# DATA SEGMENT
▼
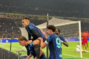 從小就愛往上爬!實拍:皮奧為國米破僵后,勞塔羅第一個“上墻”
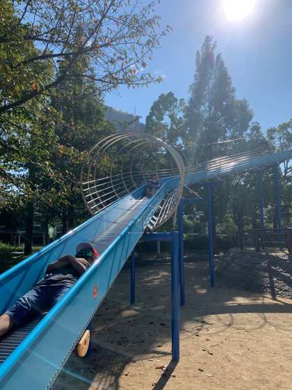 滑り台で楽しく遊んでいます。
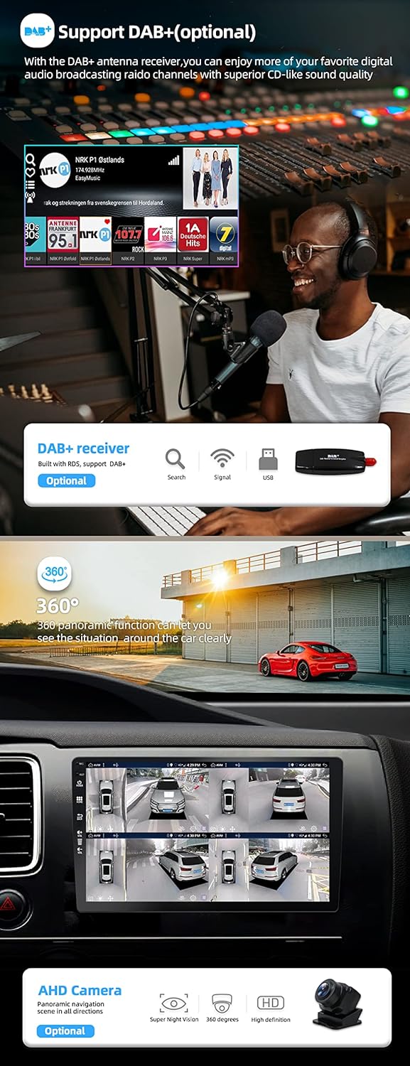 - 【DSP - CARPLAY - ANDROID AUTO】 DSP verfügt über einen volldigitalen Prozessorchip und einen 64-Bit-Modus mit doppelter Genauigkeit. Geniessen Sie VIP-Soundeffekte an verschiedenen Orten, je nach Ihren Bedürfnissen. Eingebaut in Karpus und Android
▲
# YOUR TASK
Beginning at the line that contains "滑り台で楽しく遊んでいます。", retype each line of the data above through the very last one. Do not retype the pictures.

# RESPONSE AREA
 滑り台で楽しく遊んでいます。
 - 【DSP - CARPLAY - ANDROID AUTO】 DSP verfügt über einen volldigitalen Prozessorchip und einen 64-Bit-Modus mit doppelter Genauigkeit. Geniessen Sie VIP-Soundeffekte an verschiedenen Orten, je nach Ihren Bedürfnissen. Eingebaut in Karpus und Android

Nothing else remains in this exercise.